Before NATHANIEL R. JONES, WELLFORD and RALPH B. GUY, Jr., Circuit Judges.


ORDER

This pro se Kentucky prisoner requests the appointment of counsel in his appeal from the district court's judgment dismissing his petition for a writ of habeas corpus filed pursuant to 28 U.S.C. § 2254. The appeal has been referred to a panel of the court pursuant to Rule 9(a), Rules of the Sixth Circuit. Upon consideration of the record and the briefs, the panel unanimously agrees that oral argument is not needed. Fed. R. App. P. 34(a).

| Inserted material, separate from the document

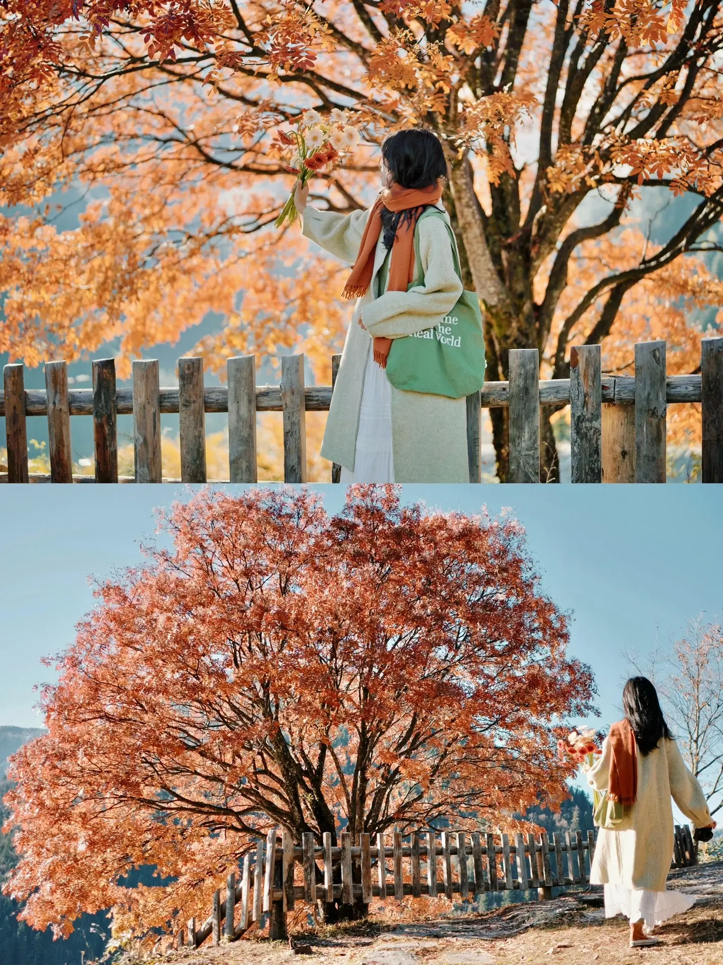山间秋意|🍂秋冬旅行文艺氛围感拍照。又一年 这棵树依然在四季交替中变...

In 1984 William Eurvin Griffith was convicted by a jury on three counts of first degree sodomy. The alleged victims were Griffith's grandson and two granddaughters. The convictions were reversed on the basis of prosecutorial misconduct during closing argument. Griffith v. Commonwealth, No. 84-SC-669-MR (Ky. Dec. 19, 1985) (unpublished). On retrial in 1986, Griffith was convicted on two counts of first degree sodomy (against the grandson and the elder granddaughter) and sentenced to two consecutive life terms. The convictions were affirmed on direct appeal. Griffith v. Commonwealth, 86-SC-488-MR (Ky. Jan. 22, 1987) (unpublished).

In his petition for a writ of habeas corpus, Griffith alleged two grounds for relief: (1) insufficient evidence to support the conviction for sodomy against his grandson, and (2) improper admission into evidence of testimony by his granddaughter. The matter was referred to a magistrate who determined that Griffith failed to show a violation of his constitutional rights; the magistrate recommended that the petition be dismissed. Upon de novo review in light of Griffith's objections, the district court adopted the magistrate's report and recommendation as its own and dismissed the petition.

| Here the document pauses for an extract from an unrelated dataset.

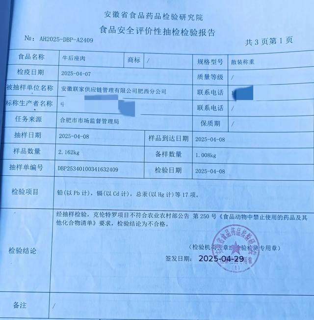 合肥市市场监管局今年4月对两家公司的牛肉进行了检查,结果检测出了国家明令禁止的“克伦特罗”,即俗称的“瘦肉精”。其中一家被检查抽样单位是肥西学前教育发展集团有限公司,该公司被检测的是牛里脊肉,样品中“克伦特罗”的数量值为10.2μg/kg。另一家被检查抽样单位是安徽联家供应链管理有限公司肥西分公司,样品为牛后座肉,“克伦特罗”的数量值为1.42μg/kg,两份样本均不合格。

Upon review, we conclude that the evidence was sufficient to support the conviction of sodomy against the grandson. See Jackson v. Virginia, 443 U.S. 307, 319 (1979). We further conclude that the allegation of an evidentiary error regarding the testimony of the granddaughter does not arise to a constitutional violation. See Davis v. Jabe, 824 F.2d 483, 487 (6th Cir.), cert. denied, 108 S. Ct. 509 (1987).

Accordingly, the request for appointment of counsel is hereby denied. The district court's judgment is hereby affirmed. Rule 9(b) (5), Rules of the Sixth Circuit.